Endoscopy In Pediatric Crohn’s Disease: When Is It Needed?
Published on: December 1, 2025
Endoscopy In Pediatric Crohn’s Disease: When Is It Needed?

Introduction

What is crohn’s disease?

Crohn’s disease (CD) is a long-term condition where the immune system’s reactions are abnormal, causing inflammation in the digestive tract, most commonly affecting the small intestine and the start of the large intestine. However, it can affect any part of the digestive tract (from the mouth to the anus).

CD is a type of inflammatory bowel disease (IBD), a term for diseases that cause chronic inflammation in the intestines or irritation. CD is one of two common types of IBD, and there are ways, such as Endoscopy, that can contribute to CD diagnosis and can differentiate between CD and UC.

Role of endoscopy

Endoscopy is an imaging technique that examines structures of the body through the insertion of an endoscope, a long, thin tube, into the body to the required area or organ needed for examination.

It plays an important role in the diagnosis, management and treatment of IBD. It allows us to distinguish between CD and the other type of IBD, ‘Ulcerative Colitis’ (UC), monitor the activity of the disease and treatment response, and assess and treat complications.1

Endoscopy is the most accurate method for CD diagnosis and to eliminate other health issues.2

In paediatric patients, endoscopy allows doctors to see the gastrointestinal mucosa (mucous lining) of the gastrointestinal (GI) tract and biopsy abundant sites.3

Types of endoscopic procedures

Upper endoscopy - The Doctor uses an endoscope with a camera attached to see the lining of the upper GI tract. This includes the mouth, oesophagus, stomach and small intestine.
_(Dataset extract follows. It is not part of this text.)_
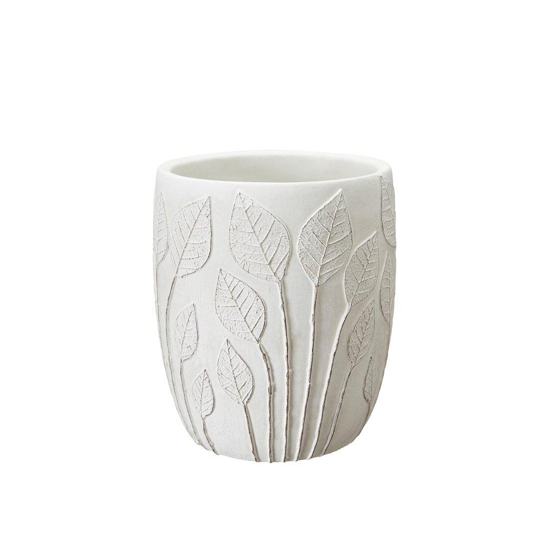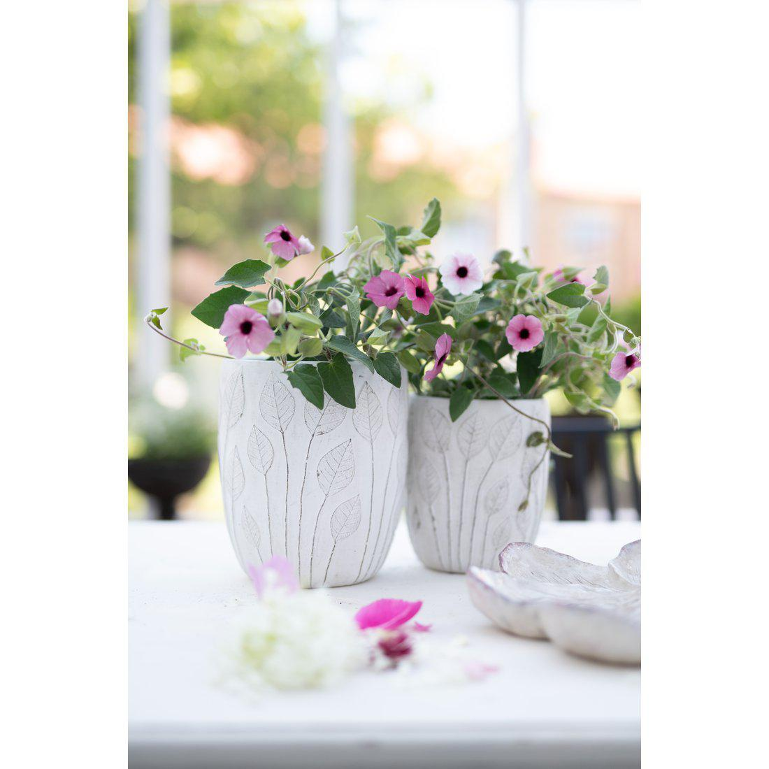 Îmbogățiți-vă spațiul cu setul de 2 ghivece albe cu model de frunze FELICE, perfecte pentru a adăuga un strop de natură în orice încăpere. Fabricate din beton de înaltă calitate, aceste ghivece au un design elegant, cu o nuanță albă pătată ce le conferă un aspect rafinat. Ghivețelul de dimensiune S măsoară 14 x 17 cm, iar cel de dimensiune M are 18 x 18 cm, având un diametru de 12 cm, respectiv 15 cm. Aceste ghivece sunt ideale pentru a găzdui flori sau plante decorative, aducând un aer fresh și modern în locuința dumneavoastră.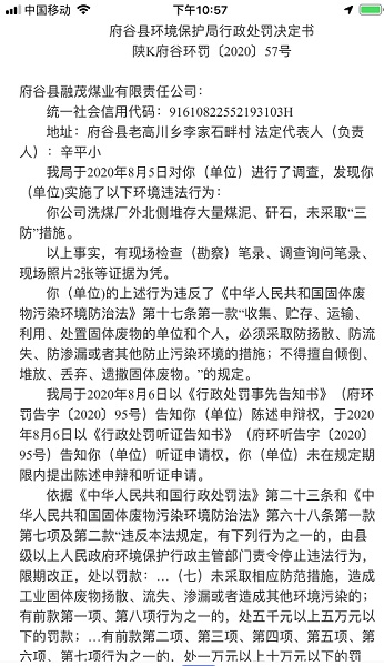 陕西府谷县融茂煤业因环境违法一年里三次被处罚 法治前沿【cnlaw.top】消息(撰稿人 李海波)日前,前沿君从府谷县政府网站得知,从2019年8月1日到今年8月17日的一年时间内,府谷县融茂煤业有限责任公司因为环境违法行为被府谷县环境保护局三次处罚。 2019年8月1日下达的府环罚〔2019〕118号府谷县环境保护局行政处罚决定书显示:府谷县环境保护局于2019年7月3日对融茂煤业有限责任公司进行了调查,发现融茂煤业公司实施了以下环境违法行为:公司工业场地内大量原煤、煤泥、煤矸石露天堆存,未采取防扬撒措施。以上事实,有现场检查(勘察)笔录、调查询问笔录、现场照片等证据为凭。融茂煤业有限责任公司上述行为违反了《中华人民共和国大气污染防治法》第七十二条第一款“贮存煤炭、煤矸石、煤渣、煤灰、水泥、石灰、石膏、砂土等易产生扬尘的物料应当密闭;不能密闭的,应当设置不低于堆放物高度的严密围挡,并采取有效覆盖措施防治扬尘污染”的规定。据《中华人民共和国行政处罚法》第二十三条和《中华人民共和国大气污染防治法》第一百一十七条第一款第一项“违反本法规定,有下列行为之一的,由县级以上人民政府生态环境等主管部门按照职责责令改正,处一万元以上十万元以下的罚款;拒不改正的,责令停工整治或者停业整治:(一)未密闭煤炭、煤矸石、煤渣、煤灰、水泥、石灰、石膏、砂土等易产生扬尘的物料的”的规定及《陕西省环境行政处罚自由裁量权基准》(第十一类第二项“不属于从轻或从重情形的,处3万以上5万元以下罚款”)的规定,我局决定对你(单位)处以如下行政处罚:处以罚款伍万元整。 2020年3月27日,府谷县环境保护局下达府环罚〔2020〕13号府谷县环境保护局行政处罚决定书:2019年3月11日府谷县环境保护局对府谷县融茂煤业有限责任公司进行了调查,发现该公司实施了以下环境违法行为:公司车辆未采取措施防止物料遗撒,造成道路扬尘污染。依据《中华人民共和国行政处罚法》第二十三条和《中华人民共和国大气污染防治法》第一百一十六条“违反本法规定,运输煤炭、垃圾、渣土、砂石、土方、灰浆等散装、流体物料的车辆,未采取密闭或者其他措施防止物料遗撒的,由县级以上地方人民政府确定的监督管理部门责令改正,处二千元以上二万元以下的罚款;拒不改正的,车辆不得上道路行驶。的规定。该局决定对融茂煤业有限责任公司处以如下行政处罚:罚款(大写):贰万元整。 2020年8月17日,府谷县环境保护局下达的府环罚〔2020〕13号府谷县环境保护局行政处罚决定书显示:府谷县环境保护局于2020年8月5日对府谷县融茂煤业有限责任公司进行了调查,发现府谷县融茂煤业有限责任公司实施了以下环境违法行为:公司洗煤厂外北侧堆存大量煤泥、矸石,未采取“三防”措施。依据《中华人民共和国行政处罚法》第二十三条和《中华人民共和国固体废物污染环境防治法》第六十八条第一款第七项及第二款“违反本法规定,有下列行为之一的,由县级以上人民政府环境保护行政主管部门责令停止违法行为,限期改正,处以罚款:…(七)未采取相应防范措施,造成工业固体废物扬散、流失、渗漏或者造成其他环境污染的;有前款第一项、第八项行为之一的,处五千元以上五万元以下的罚款;…有前款第二项、第三项、第四项、第五项、第六项、第七项行为之一的,处一万元以上十万元以下的罚款。”和《陕西省环境行政处罚自由裁量权基准》第十五类第五项“当事人不属于从轻或从重情形的,处3万元以上6万元以下的罚款”的规定,府谷县环境保护局决定对府谷县融茂煤业有限责任公司处以如下行政处罚:罚款(大写):伍万元整。 据了解,融茂煤业有限责任公司成立于2010年,注册资金3000万元人民币,注册地位于陕西省榆林市府谷县老高川乡李家石畔村,法定代表人为辛平小。经营范围包括煤炭、焦粉、矿山机械设备、工程机械设备销售(依法须经批准的项目,经相关部门批准后方可开展经营活动)。 据报道,陕西省生态环境厅环境执法局局长马小现介绍,2019年,陕西省各级生态环境部门共检查企业69592家(次),对环境违法问题立案7627家,办理一般行政处罚案件5539件,处罚金额34084.66万元,较2018年增加645.69万元。实施按日连续处罚案件52件,处罚金额580万元;对1144家企业违法排污设施实施了查封扣押;对229家存在环境问题企业实施限制生产和停产整治;对183家环境违法问题企业负责人或直接责任人实施行政拘留处理;向公安司法机关移送涉嫌环境污染犯罪案件12起。 陕西省如何处罚环境违法企业的?《2019年陕西183家企业责任人因环境违法被行政拘留》报道里,陕西省生态环境执法总队总队长胡世军说:“对生态环境违法行为初犯且问题轻微的企业,我们视情给予一定的整改期限,避免‘一律先处罚后整改’或者‘以罚代改’等简单做法,给企业一定的缓冲期;对于一般生态环境违法行为慎用查封、扣押等措施,严格禁止‘一律高限处罚’等做法,不断促使企业自觉守法,以良好诚信搞好经营活动。” 前沿君于12月23日到现场调查村民投诉其有关问题时,拍摄的融茂煤业现场 |

Ileocolonoscopy - a test to look at the end of the small bowel and colon (large bowel) for anything abnormal. This is used for confirmation on ruling out a condition or diagnosis. 

Capsule Endoscopy (small bowel) - This is also known as a ‘pillcam’ and includes ingesting a capsule, which helps to find abnormalities within the small bowel. This is part of the GI tract, between the stomach and large bowel.

(Device-assisted) Balloon-assisted enteroscopy - Insertion of a long endoscope with attached camera and light, to analyse the oesophagus, stomach and deep small intestine, allowing for diagnosis and treatment. It also allows, in the small intestine, bowel and relevant areas to introduce air inside to allow for dilation of the area for a better view. Furthermore, it allows water for clearing the intestine or instruments for other procedures.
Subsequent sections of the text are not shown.